Communication isn’t just about talking with others and sharing stories, ideas, goals, and desires. Effective communication often involves listening skills that develop your ability to really absorb what others say, and listen with an open mind.

1.Have inviting body language. Inviting body language means positioning yourself in a way that makes it inviting and easier for people to come talk to you. This means facing the person who is speaking to you and standing with an open posture with your arms at your side for example, rather than crossing your arms in front of your chest. Crossing your arms in from of your chest might imply that you don’t want to have a conversation. Or, if you are in the middle of a conversation and you keep yawning and looking around as someone is talking to you, they might assume that you aren’t listening and don’t care what they have to say.

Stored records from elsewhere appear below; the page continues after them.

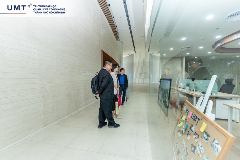 Tiếp đón Đoàn đại diện Curtin Malaysia, Ban Lãnh đạo và Ban Giám hiệu UMT có sự hiện diện của: ThS. Huỳnh Thúy Phương – Phó Chủ tịch Hội đồng Trường, Phó Hiệu trưởng; PGS. TS. Hồ Thanh Phong - Phó Hiệu trưởng Phụ trách Đào tạo; PGS. TS. Trần Đan Thư – Trưởng Khoa Công nghệ; TS. Trần Nam Quốc – Trưởng Khoa Kinh doanh; PGS. TS. Phạm Hương - Trưởng Phòng PTCT&BĐCL.
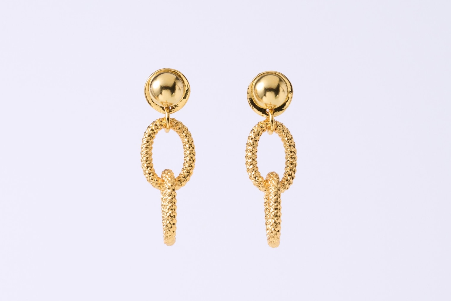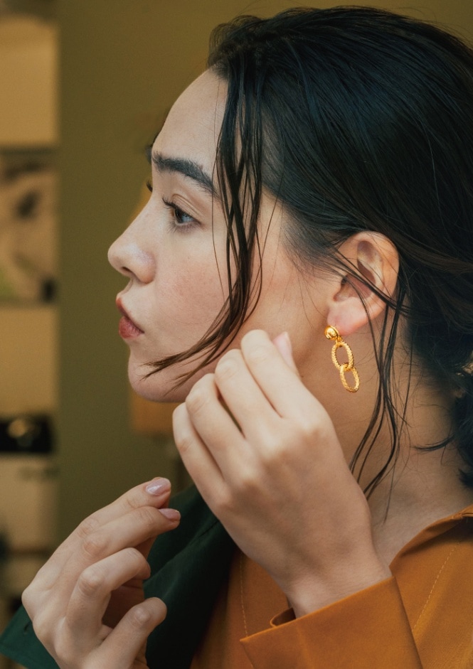 揺れるチェーンの上部にはゴールドパーツがあしらわれ、一年中顔まわりに光をもたらし、明るく照らしてくれるような華やかなデザインです。
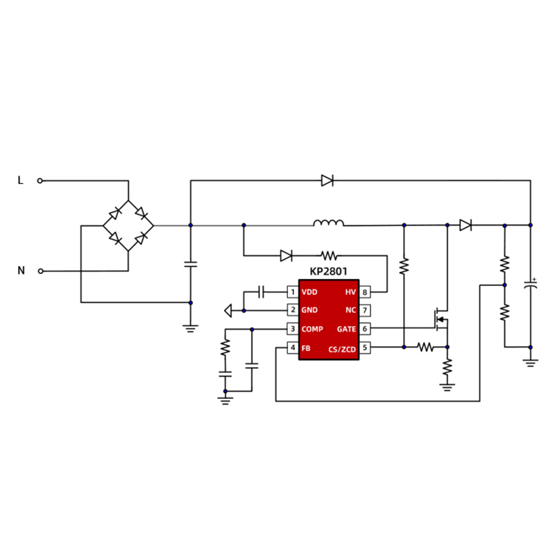 KP2801SGA Встроенная схема запуска и питания высокого напряжения без внешнего источника питания позволяет обеспечить быстрый запуск и функцию питания. Кроме того, технология обнаружения размагничивания без вспомогательных обмоток упрощает конструкцию системы и снижает производственные затраты.
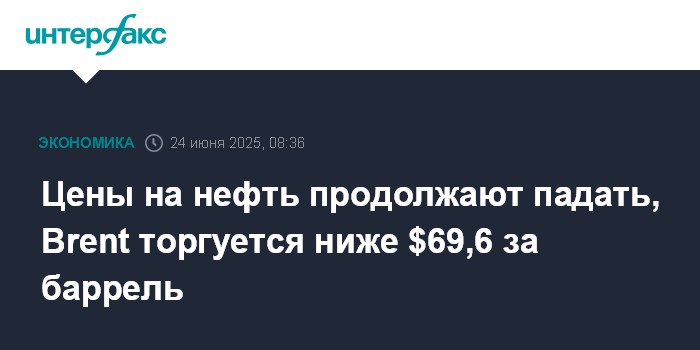 Москва. 24 июня. INTERFAX.RU - Цены на нефть продолжают снижаться во вторник на заявлении президента США Дональда Трампа о достижении договоренности между Израилем и Ираном о полном прекращении огня.
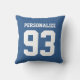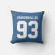 Um travesseiro decorativo de camisa de esporte azul personalizado. Cor de fundo personalizável. Ótima decoração de casa para homens, mulheres e crianças. Crie sua própria almofada de jardim com o nome da equipe escolar ou citação engraçada para beisebol, basquete, vôlei, hóquei no gelo, softball, futebol, futebol etc. Design duplo. Legal ideia de presente para adolescente ou garota, jogadores, fãs, treinadores etc. Condecorações exteriores personalizadas para o quintal, pátio ou terraço. Condecorações à prova do tempo.
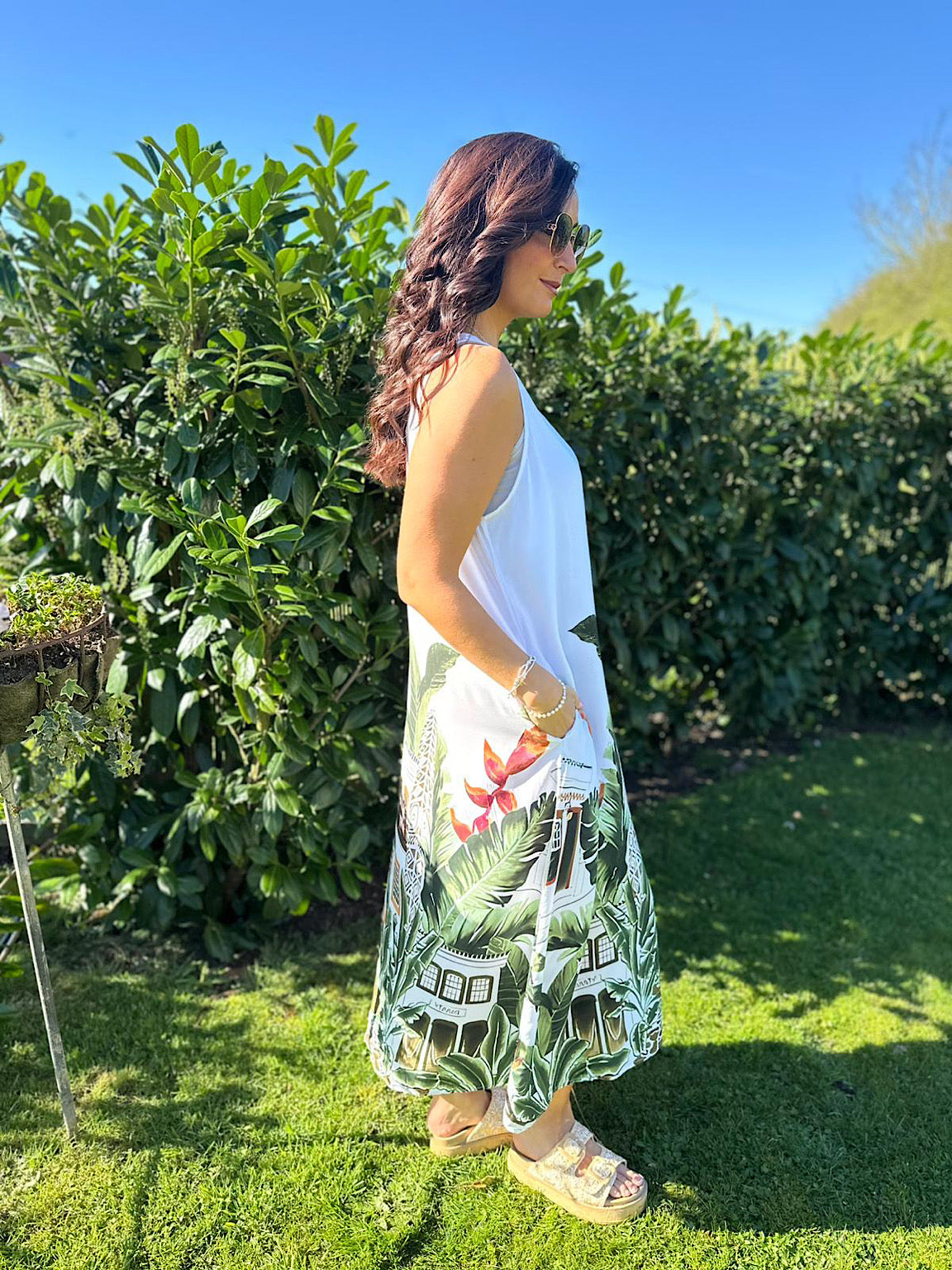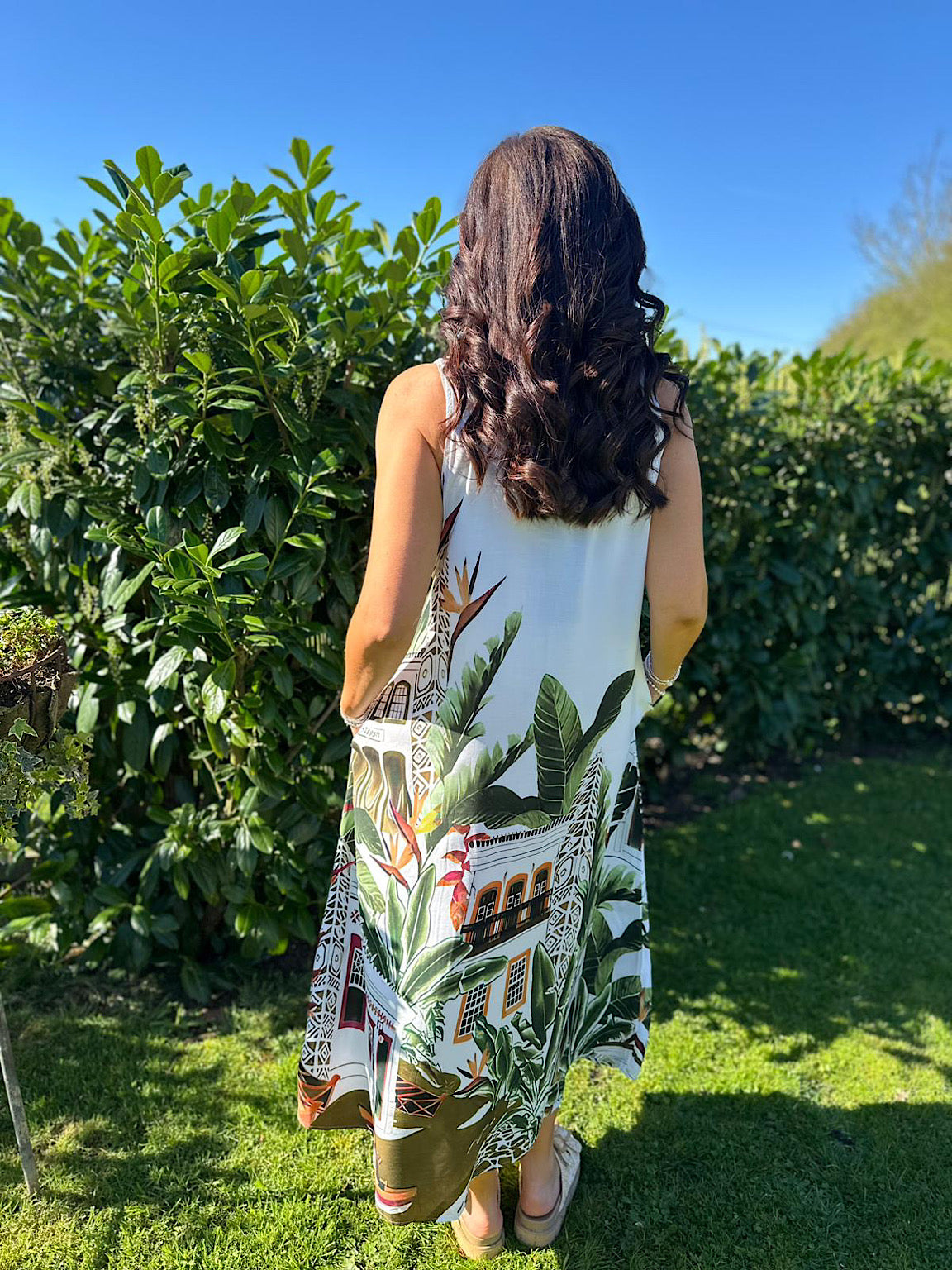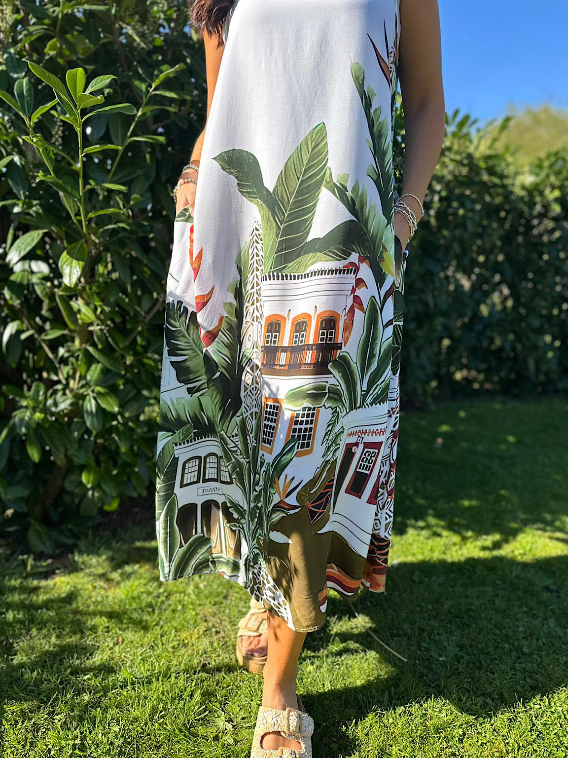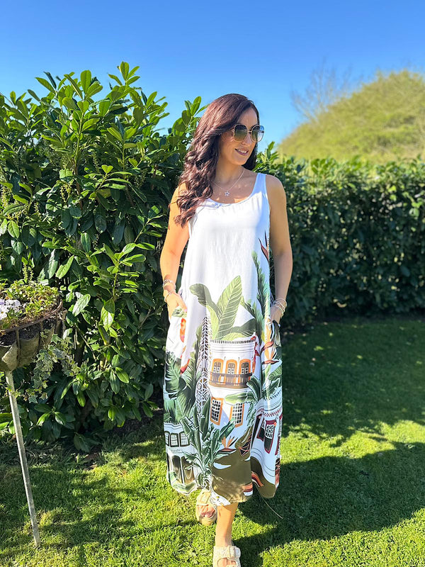 Escape to sun-soaked shores in this lightweight, floaty dress featuring a stunning Mediterranean palm design. Perfect for holidays and warm weather, the breathable fabric keeps you cool while the lovely indie aesthetic adds effortless style. Ideal for beach days, resort wear, or casual summer adventures.
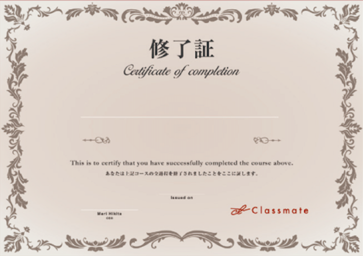 コースを修了すると、新しい知識を学んで世界を広げた成果が目に見える、自分だけのオリジナル修了証がもらえます。コースを修了した方のみが受験可能な資格などもご用意しています。※画像はイメージです
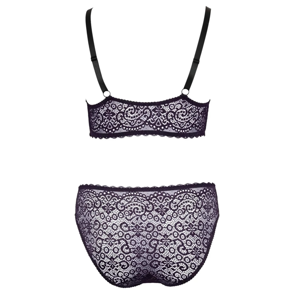 Cottelli Plus Size - áttetsző mintás melltartó szett (lila)
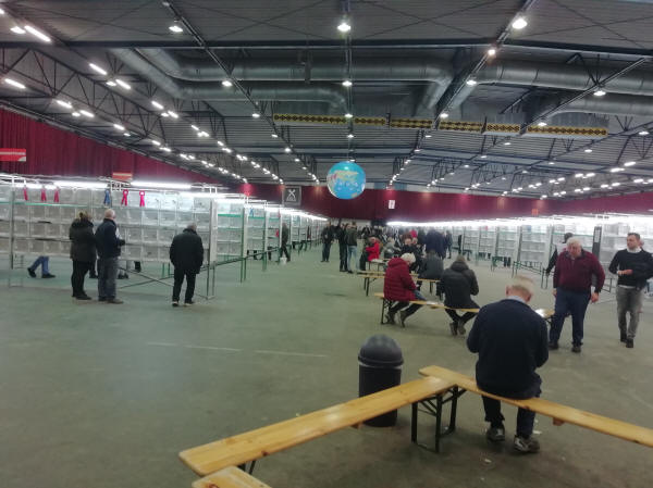 One needs to pay tribute to the conveyors from those countries benching birds as they take 2 weeks of their time to drive their country’s teams to the show venue and then spend every day stewarding by feeding and watering a section of the show birds allocated to them and do all the necessary stewarding jobs. It is a thankless task but they do it for the love of the hobby and we should be extremely grateful to them for carrying out this task on our behalf. Our conveyors this year were Richard Lumley, our COM-UK president, together with the Irish conveyor Peter Sherlock who took our northern team on Wednesday 2nd January crossing from Hull to Hook of Holland then driving to the show hall while Gary Mann took the team from the south crossing from Dover then driving all the way to Zwolle and back to Bournemouth, Dorset in the same day. On behalf of COM-UK and all the exhibitors we would like to say a big THANK YOU to both Richard and Gary for their excellent effort in carrying out this thankless task. Also we must not forget the dedication of Willie McKay who travelled all the way from Whitburn, Scotland to take his 8 birds to Richard in Norton, North Yorkshire and back in the same day and donating all the biscuits for the COM-UK stand at the show. This is dedication to be commended indeed.

  • Raising your eyebrows every once in while.
  • Moving slightly closer toward the person speaking to you.
  • Smiling and laughing when it is appropriate.
  • Tilting your head when hearing new or interesting information.
  • Nodding your head if you agree or understand what someone is saying.

2.Keep eye contact. In Western culture, making eye contact is a non-verbal way of letting someone know that they have your attention and respect — two important factors involved in having a productive conversation. Making and keeping eye contact lets the other person know that they can proceed with what they want to say, knowing that you are ready to listen.

3.Listen without distraction. An important part of listening is being able to zone out background noise, thoughts, and conversations so you focus on the conversation in front of you. Being distracted by other things takes your attention away from the speaker and lessen your ability to fully listen.

  • Turning off communication devices like cell phones is a polite and easy way to get rid of further distractions.

4.Take note of the speaker’s body language. Someone’s body language can communicate a lot more than the actual words they are saying. For example, if your partner keeps looking down at the floor, that might be an indication that they are shy, embarrassed, or sad.

Since words only convey a fraction of the message, “listening” to body language cues can help you further understand what the speaker is trying to communicate besides what their words convey.

5.Listen with the intent to learn. Some people focus on how they are going to reply when someone is talking to them, rather than absorbing and understanding what their partner is trying to communicate. That isn’t a habit of someone who is a good listener. Instead of thinking of your response, try to fully absorb what your partner is trying to say to you, and view every conversation you have as a learning opportunity.

  • You might not be knowledgeable or fascinated with every topic of discussion, but listening with the intent to learn offers other points of view different from your own, and a chance for you to grow as a listener.

6.Avoid trying to offer an immediate solution. Sometimes, when people explain a problem they are experiencing, it might feel instinctual to offer a solution to their problem. Instead, just listen what they have to say. Most people ask for advice when they want it. Also, someone might simply be trying to talk through a problem to figure out how to solve it themselves, rather than asking you to figure out the answer for them.

  • If someone seems to be really struggling to figure out what to do, and you have a suggestion that you think might genuinely help them, you should at least get the speaker’s permission and ask something like, “I might have an idea about how you can handle that. Do you want to hear it?”

7.Remember to use an active-listening attitude. Using an active-listening attitude can help reinforce positive listening practices and encourage respectful listening tendencies. Exercising an active-listening attitude means:

  • Acknowledging that listening is just as important speaking in a conversation. Hearing what somebody has to say to is is equally important as voicing your opinion to them.
  • Being aware that listening is necessary for productive exchanges of information. Those who remember to prioritize listening create less confusion in a conversation, cause fewer misunderstandings, and misspeak less frequently.
  • Understanding that listening to others is not only necessary, but all around beneficial for the betterment of the conversation. Always try to absorb some piece of new information when you encounter and interact with new people.